**PROVIDED DATA:**
········
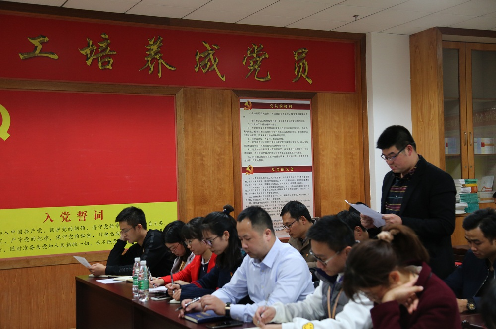 为进一步加强党员队伍建设,吸收新鲜血液,壮大党支部队伍。2018年11月23日下午4点,集团党支部在集团7楼党员活动室召开党员大会,讨论预备党员转正及吸收预备党员事宜。支部27名正式党员、2名预备党员及2名入党积极分子参加本次会议,兴宾区城北街道党工委组织干事潘彩妮、卢玉妮列席会议,大会由支部组织委员、集团人力资源部副经理曾雪菊主持。
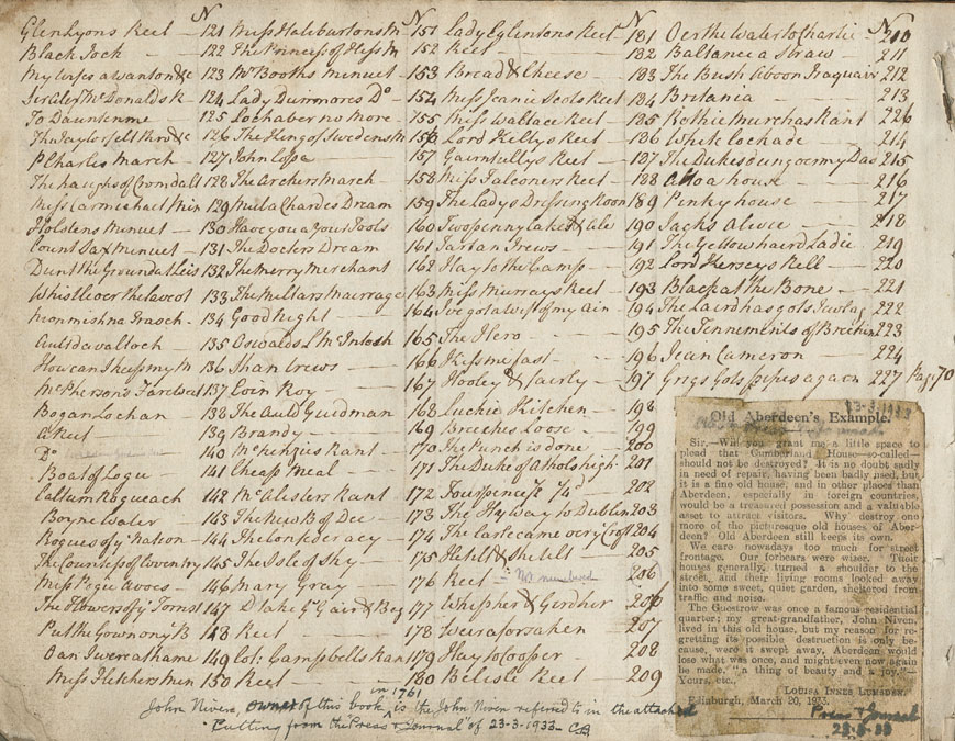 Collection of music 'July 11 1761' transcribed by John Niven. Niven, a wealthy Jacobite sympathiser, lived in what is now known as Provost Skene's House, one of the oldest houses in Aberdeen. Niven's 70 pages of music include 227 tunes, some published by Robert Bremner, and James Oswald. Pasted at bottom right is an Aberdeen Press and Journal clipping [23 March 1933] from Niven's great-grand-daughter, concerned about the possible demolition of Niven's home. The Duke of Cumberland was billeted there in 1746, during the Jacobite War. Perhaps Niven had been his willing - or unwilling - host. |
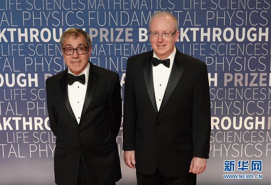 11月4日,在美國舊金山灣區(qū),獲得“基礎(chǔ)物理學(xué)突破獎(jiǎng)”的查爾斯·凱恩(右)和尤金·梅林出席紅毯儀式。 新華社記者吳曉凌攝
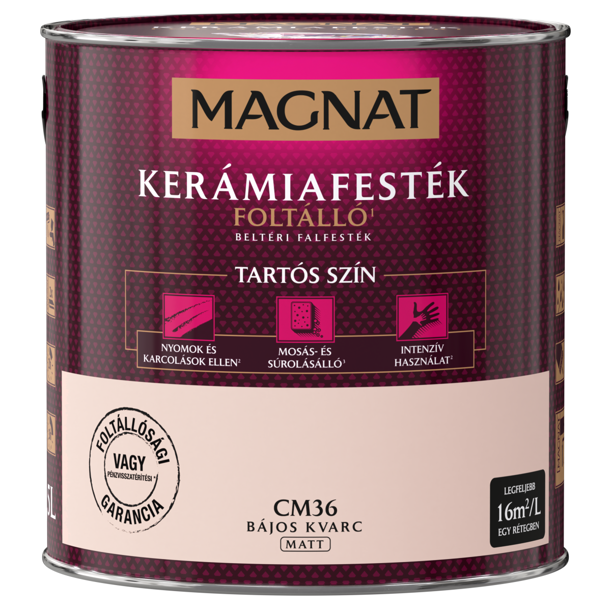 A Magnat kerámiafesték alkalmazható gipsz-, gipszkarton-, cement-, cement-mész vakolatokon, valamint üvegszálas tapétákon is. Ideális lakóhelyiségekbe, oktatási intézményekbe, egészségügyi terekbe és élelmiszertárolásra szolgáló helyiségekbe (közvetlen érintkezés nélkül).
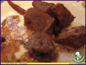 Вот, и свинина уже не та - и чем они её кормят? или чем её колют? Я тогда только поняла, почему тут ТАК много приправ... а чтоб эти продукты сделать съедобными! Одним словом, стала я мужа переводить на другие рельсы, на запасные пути: подсовывать ему то баранину, то телятину (говядину мы так и не смогли полюбить...), да экспериментировать со способами приготовления. Нелегко было его вкусы изменить - знаете, что мужчины очень трудно изменяют (тихо!тихо! - не о том речь!) - я имела своим вкусам! Но мы не ищем лёгких путей! И перед трудностями не отступаем! В очередной раз в меню телятинка... да такая получилась, что слюнки до сих пор текут, вот вина купила - повторю! Необычно нежная, да ещё со вкусом дичи, очень ароматная!
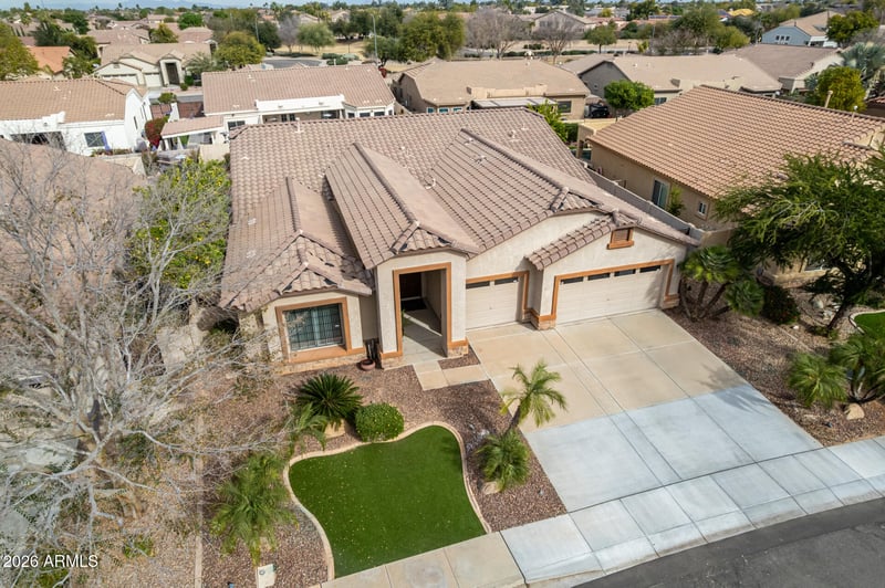 Listing details for 828 Teakwood Dr, Chandler, AZ 85249 : This original-owner, fabulous single-level with Soaring Vaulted Ceilings features a desirable SPLIT floorplan with four bedrooms, 2.5 baths, and a three-car garage, built with high-end 2x6 construction. Located in a highly sought-after Chandler neighborhood with A+ schools, it offers quality and comfort. The primary suite includes a bay window, single French door to rear yard, separate tub, shower, and large walk-in closet. The kitchen showcases a large granite island opening to the spacious family room. Additional highlights include 8-foot doors throughout, NEW HVAC 2025/2023 and an expanded laundry room with sink. Enjoy formal living and dining areas, artificial grass front and back, a covered patio, and a wide side yard with RV gate and storage shed.
········
**WORK REQUIRED:** Exclude the pictures and print the rest of the data exactly.

**RESULT:**
 为进一步加强党员队伍建设,吸收新鲜血液,壮大党支部队伍。2018年11月23日下午4点,集团党支部在集团7楼党员活动室召开党员大会,讨论预备党员转正及吸收预备党员事宜。支部27名正式党员、2名预备党员及2名入党积极分子参加本次会议,兴宾区城北街道党工委组织干事潘彩妮、卢玉妮列席会议,大会由支部组织委员、集团人力资源部副经理曾雪菊主持。
 Collection of music 'July 11 1761' transcribed by John Niven. Niven, a wealthy Jacobite sympathiser, lived in what is now known as Provost Skene's House, one of the oldest houses in Aberdeen. Niven's 70 pages of music include 227 tunes, some published by Robert Bremner, and James Oswald. Pasted at bottom right is an Aberdeen Press and Journal clipping [23 March 1933] from Niven's great-grand-daughter, concerned about the possible demolition of Niven's home. The Duke of Cumberland was billeted there in 1746, during the Jacobite War. Perhaps Niven had been his willing - or unwilling - host. |
 11月4日,在美國舊金山灣區(qū),獲得“基礎(chǔ)物理學(xué)突破獎(jiǎng)”的查爾斯·凱恩(右)和尤金·梅林出席紅毯儀式。 新華社記者吳曉凌攝
 A Magnat kerámiafesték alkalmazható gipsz-, gipszkarton-, cement-, cement-mész vakolatokon, valamint üvegszálas tapétákon is. Ideális lakóhelyiségekbe, oktatási intézményekbe, egészségügyi terekbe és élelmiszertárolásra szolgáló helyiségekbe (közvetlen érintkezés nélkül).
 Вот, и свинина уже не та - и чем они её кормят? или чем её колют? Я тогда только поняла, почему тут ТАК много приправ... а чтоб эти продукты сделать съедобными! Одним словом, стала я мужа переводить на другие рельсы, на запасные пути: подсовывать ему то баранину, то телятину (говядину мы так и не смогли полюбить...), да экспериментировать со способами приготовления. Нелегко было его вкусы изменить - знаете, что мужчины очень трудно изменяют (тихо!тихо! - не о том речь!) - я имела своим вкусам! Но мы не ищем лёгких путей! И перед трудностями не отступаем! В очередной раз в меню телятинка... да такая получилась, что слюнки до сих пор текут, вот вина купила - повторю! Необычно нежная, да ещё со вкусом дичи, очень ароматная!
 Listing details for 828 Teakwood Dr, Chandler, AZ 85249 : This original-owner, fabulous single-level with Soaring Vaulted Ceilings features a desirable SPLIT floorplan with four bedrooms, 2.5 baths, and a three-car garage, built with high-end 2x6 construction. Located in a highly sought-after Chandler neighborhood with A+ schools, it offers quality and comfort. The primary suite includes a bay window, single French door to rear yard, separate tub, shower, and large walk-in closet. The kitchen showcases a large granite island opening to the spacious family room. Additional highlights include 8-foot doors throughout, NEW HVAC 2025/2023 and an expanded laundry room with sink. Enjoy formal living and dining areas, artificial grass front and back, a covered patio, and a wide side yard with RV gate and storage shed.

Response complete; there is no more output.